Problem:
Return all the data below as it stands, minus the pictures.

Supplied information:

*****

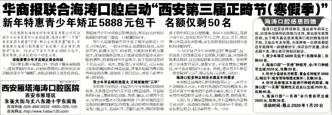 为庆祝陕西海涛医疗科技集团有限公司在全球中小企业交易中心成功挂牌,海涛口腔“一天得”技术荣获华商报“守护·群众生命高质量”称号,华商报联合海涛口腔特推出“西安第三届正畸节寒假季”活动。18岁以下青少年矫正5888元包干,限时限额,全市仅剩50个特惠名额。
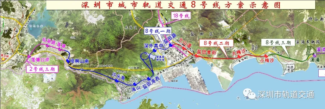 地鐵8號(hào)線一期由2號(hào)線三期蓮塘站站后接出,終點(diǎn)設(shè)于鹽田港后方陸域的鹽田路站,線路長(zhǎng)約12.36km,均采用地下敷設(shè)。線路共設(shè)車站6座,包含蓮塘主所和望基湖停車場(chǎng)。預(yù)計(jì)于今年底開(kāi)通初期運(yùn)營(yíng)。
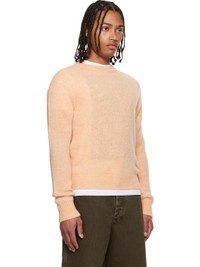 Brushed knit alpaca- and merino wool-blend sweater. · Rib-knit crewneck, hem, and cuffs · Raglan sleeves Supplier color: Peach 60% alpaca, 25% merino wool, 15% nylon. Made in Belgium 252358M201016

*****

Expected answer:
 为庆祝陕西海涛医疗科技集团有限公司在全球中小企业交易中心成功挂牌,海涛口腔“一天得”技术荣获华商报“守护·群众生命高质量”称号,华商报联合海涛口腔特推出“西安第三届正畸节寒假季”活动。18岁以下青少年矫正5888元包干,限时限额,全市仅剩50个特惠名额。
 地鐵8號(hào)線一期由2號(hào)線三期蓮塘站站后接出,終點(diǎn)設(shè)于鹽田港后方陸域的鹽田路站,線路長(zhǎng)約12.36km,均采用地下敷設(shè)。線路共設(shè)車站6座,包含蓮塘主所和望基湖停車場(chǎng)。預(yù)計(jì)于今年底開(kāi)通初期運(yùn)營(yíng)。
 Brushed knit alpaca- and merino wool-blend sweater. · Rib-knit crewneck, hem, and cuffs · Raglan sleeves Supplier color: Peach 60% alpaca, 25% merino wool, 15% nylon. Made in Belgium 252358M201016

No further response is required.